# What time do you feed your dog/dogs??



## Celeigh (Nov 29, 2007)

I feed them between 7:30 and 8:30 AM (whenever they get up) and again at between 4:30 and 5:30 PM. Sounds like you are doing well - feeding when she's hungry.


----------



## beargroomer (Jan 2, 2008)

Around 8:00 AM, 1:00 PM, and 6:30 PM. (Give or take an hour each way.)
In a few weeks, I'll stop the 1:00 PM one.


----------



## FlyingQuizini (Oct 24, 2006)

Twice a day. Never on a schedule after they're grown from pup-hood. I don't want my dogs hunting me down at a certain time and demanding a meal. Breakfast is between 8am - 11am and dinner is between 5pm - 11pm.
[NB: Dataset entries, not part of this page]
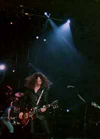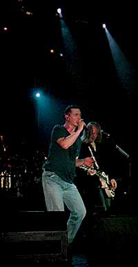 危惧していた衣装だが、ありがたいことにダニーはリハーサル時と同じ紺の半袖Tシャツにジーンズだった。これも決してかっこいいと言えるような代物ではないが、ジャージやポロシャツよりはマシでしょう。聞いた話ではWOLVERHAMPTONでは水色の細かい縞の入ったまるでおっさんのゴルフ行きみたいなポロシャツでステージに立ったそうだから。ジーンズも昔はわりと大き目のをベルトで腰のところをきゅっとしめてはいていたものだけれど、いまではキツキツではいているものだから、ポケットに手をつっこんで出すと、ポケットの裏布が外にはみ出し てしまい、両側ともダランとたれている。それをまた気がつかないままで踊ったり歌ったりしているのが、なんともいえずガキっぽい。でも、いつのまにか直ってたのは、メンバーが注意したのかしら?
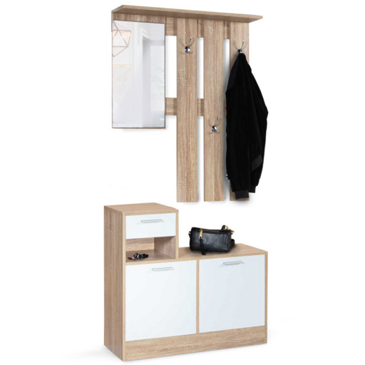Apportez une touche moderne à votre intérieur en optant pour ce vestiaire d'entrée avec miroir et paroi murale en lattes aux coloris façon hêtre portes blanches. Ce meuble s'adaptera parfaitement à votre décoration grâce à son design fonctionnel, chic et tendance ! L'association des deux couleurs procure à ce vestiaire un design très contemporain. La partie supérieure est composée d'un miroir et de 3 patères en inox pour suspendre vos vestes et manteau. Doté d'un miroir et de 3 patères double crochet en quinconce, ce meuble 2 en 1, meuble à chaussures et portant, arbore un style soigné tout en restant fonctionnel au quotidien.Avec son meuble bas composé de 2 abattants, d'1 niche et d'1 tiroir, ce vestiaire comporte tous les éléments indispensables pour organiser votre intérieur ! Grâce à son mécanisme à ouverture facile, vous pourrez ranger jusqu'à 8 paires de chaussures soit 16 chaussures. Sa niche d'une hauteur de 13 cm vous permettra de déposer vos clefs, un vide poche ou tout autre objet. Son tiroir d'une hauteur de 11,5 cm sera idéal pour ranger vos papiers et documents en toute discrétion. Maxi gain de place, il apporte une valeur ajoutée à votre vestibule en le décorant et en le meublant sans le surcharger.2 éléments aux formes asymétriques à combiner ou à dissocier selon vos envies ! Optez pour ce vestiaire d'entrée avec miroir multifonction et embellissez votre entrée !Dimensions du vestiaire d'entrée avec miroir design hêtre portes blanches- Dimensions totales : Longueur 80 CM x largeur 30 CM x Hauteur 180 CM- Dimensions du meuble à chaussures : L. 80 x l. 30 x H. 73 CM- Dimensions des deux range-chaussures : L. 37 x l. 30 x H. 37 CM- Dimensions de la niche : L. 37 x l. 30 x H. 13 CM- Dimensions du tiroir : L. 37 x l. 30 x H. 11,5 CM- Dimensions de la partie supérieure du portant : L. 80 x l. 20 x H. 100 CM- Dimensions du miroir : L. 30 x H. 56 CM- Matériaux : panneaux de particules en bois 1,5 CM et miroir en verre- Coloris : hêtre et blanc- Kit de fixation inclus- À monter soi-mêmeRetrouvez nos autres modèles également disponibles sur notre site pour aménager votre entrée.Retrouvez toute notre collection scandinave sur notre boutique en ligne !
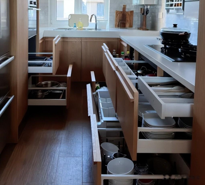 定制橱柜告诉设计师,地柜要多做抽屉,最好最三层设计,实现分类收纳!
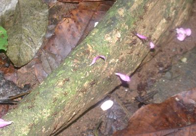 In places, the forest floor appeared to be alive, a moving carpet of green. This hallucination was brought about by the streams of leaf-cutting ants hurrying back to their nests with their booty, a triangular piece of thumbnail-sized green leaf, slung over their shoulders. From the tree of their choice ( which they were busily dissecting ) to the nest may be several hundred yards, and so these columns of green wend their way over the dark forest floor, over logs and under bushes in a steady stream that on close inspection looks like a Lilliputian regatta, all the boats having green sails.
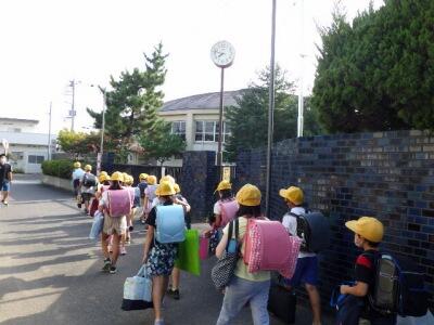 分散登校Aグループの児童が登校してきました。
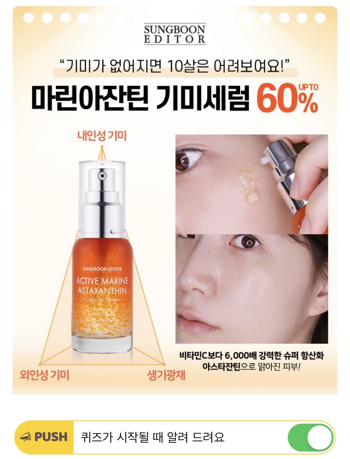 성분에디터 마린아잔틴 기미세럼은 비타민 C보다 6,000배 강력한 슈퍼 OOO 아스타잔틴을 함유하여 칙칙하고 푸석한 피부를 맑고 생기있게 만들어 줍니다. OOO에 들어갈 단어는 무엇일까요? (초성힌트: ㅎㅅㅎ)

They never know when it's coming, but they trust it will happen.


----------



## dannyra (Aug 5, 2008)

Between 6:30am and 8:00am. Then again between 5pm-7pm.


----------



## Jackson'sMom (Oct 13, 2007)

5 a.m. and around 4 p.m.


----------



## jwemt81 (Aug 20, 2008)

My pup is just 11 weeks, so we still feed 3 times a day. I feed him when I first get up, then in the mid to late afternoon, and then in later part of the evening since we are up late.


----------



## skeller (Mar 5, 2008)

6 AM and any time between 5 and 6 PM. If he is being very bratty, he gets fed closer to 5 PM. If he is resting or playing nicely, we hold off until about 6 PM. Benny wakes up starving, or maybe he is just used to eating as soon as he gets up.


----------



## LOVEisGOLDEN (Jan 4, 2008)

whenever I get up-usually around 8:30 am. then again around 7:30 pm.


----------



## boomers mom (Sep 17, 2008)

we usually feed boomer twice a day...once in the morning anywhere between 7:30 and 9:30, and then again anytime between 7:30pm and 9:00 pm....


----------



## Maggies mom (Jan 6, 2006)

Between 7-9am and then again sometime between 5-7pm


----------



## skylielover (Sep 27, 2008)

Skylie is 12 weeks old, I feed her around 6:30am, 1pm, & 6:30pm. I hate to feed her so early, but I leave everyday at 7am


----------



## Tanyac (Jun 18, 2008)

My dogs are both adult now, so different from puppy feed times. Bearing in mind that I feel strongly that they should never be exercised on a full stomach, my two are fed about 30 mins after their morning walk (anytime between 9 and 11) and the same again after their evening walk (between 6 and 8). 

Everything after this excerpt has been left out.